We compared the probe sets identified as differentially expressed relative to control in the pooled and individual analysis to determine whether probe sets in the pooled observations were a subset of those in the individual data set. The percent overlap of the two approaches was ∼30% for all compounds (Fig. 2, A–C). Most of the pooled changes were also identified within the individual set of significant changes as demonstrated by the small number of transcripts unique to the pooled analysis (5 and 3% for DEHP and VPA, respectively, and 20% of the total for CLO). In contrast, a large percentage of changes from the individual analysis (49–67%) were not found in the pooled data set. The majority of these probe sets had expression changes of less than twofold, but there were numerous transcripts (14–20%) with expression changes greater than twofold that were also not identified by the pooled analysis (Fig. 2, A–C). Similar results were obtained with data at the 4- and 24-h time points, showing that a significant fraction of data was lost even where there were fewer total transcript changes (see Supplemental Materials).

Fig. 2.

A: clofibrate (CLO). B: DEHP. C: VPA. Overlap of probe sets changed between approaches at 48 h. The no. of probe sets unique to the individual analysis that have absolute fold changes >2-fold are listed. For filtering criteria for both approaches, see materials and methods. All changes within the overlapping section of the Venn diagrams are concordant as to the direction of change.

QRT-PCR analysis of transcript changes falling in the various regions of the Venn diagram, generated from the data set, highlights additional differences between the approaches. Five or six transcripts from each of the three regions of the Venn diagram representing unique and overlapping areas of the VPA data set (Fig. 2C) were arbitrarily chosen for technical confirmation by QRT-PCR of the VPA samples. The results from the QRT-PCR analysis are shown in Table 1. It is striking to note that none of the transcripts unique to the VPA pooled analysis was confirmed as being statistically significant (P value ≤ 0.05) when the individual samples were evaluated by QRT-PCR, suggesting a high false-positive rate for this subset of transcripts upon pooling. The changes for both the overlap and the transcripts detected uniquely in the individual samples were confirmed by QRT-PCR as being statistically significant changes. Therefore, all changes identified by the statistical microarray analysis and tested by QRT-PCR were confirmed. Among these transcripts, the individual analysis identified three transcripts (sodium channel-β1, selenoprotein W, and lanosterol-14-demethylase) called “not changed” by the MAS5 algorithm and therefore missed by the pooled approach. Each of these transcripts was strongly regulated (5.7-, 2.3-, and −5.3-fold, respectively) when detected by the individual analysis and significantly regulated when checked by QRT-PCR.

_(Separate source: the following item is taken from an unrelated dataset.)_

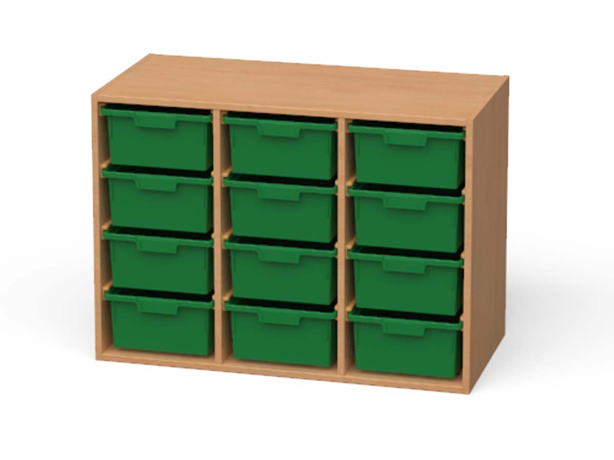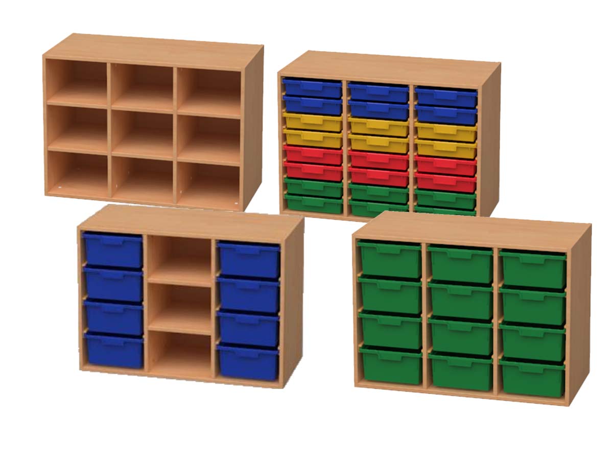 mit 12 hohen Kunststoffschüben, mit 24 flachen Kunststoffschübe, mit 4 hohen Kunststoffschüben mitte und 2 x 3 Einlegeböden, mit 8 hohen Kunststoffschüben rechts/links, 3 Einlegeböden, mit 9 Einlegeböden
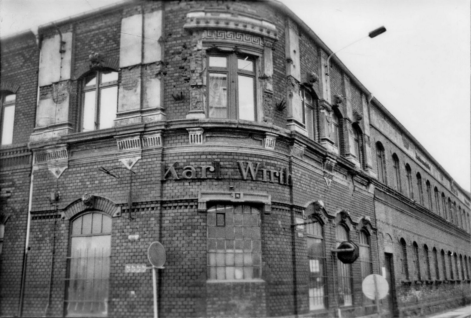 – links: noch mit der alten Eck-Beschriftung ,,Karl Wirth“ (mit ,,K“ geschrieben) und dem längerem anschließenden Seitengebäude mit vielen Fenstern (12 auf dem Bild) in der Konradstraße, etwa um das Jahr 1985,

To determine the impact of a pooled vs. individual analysis on sample classification, all 48-h array data were analyzed using PCA and HCS, as shown in Fig. 3. Treatment with the three toxicants separated from the vehicle along the first and second principal components, while differences between compounds separated along the third principal component. A clear compound-dependent effect relative to vehicle control was observed using PCA. As expected, the pooled samples for each compound consistently clustered tightly with the individual samples from their respective groups in the PCA.

Fig. 3.

Principle component analysis (PCA) and hierarchical clustering (HCS) analysis of all pooled and individual 48-h microarray data. Circles represent the pooled samples and triangles the individual samples, while color delineates treatment by compound: red = CLO, blue = DEHP, yellow = VPA, and green = vehicle. PCA captured 65% of the variation observed in the experiment in the first 3 principal components.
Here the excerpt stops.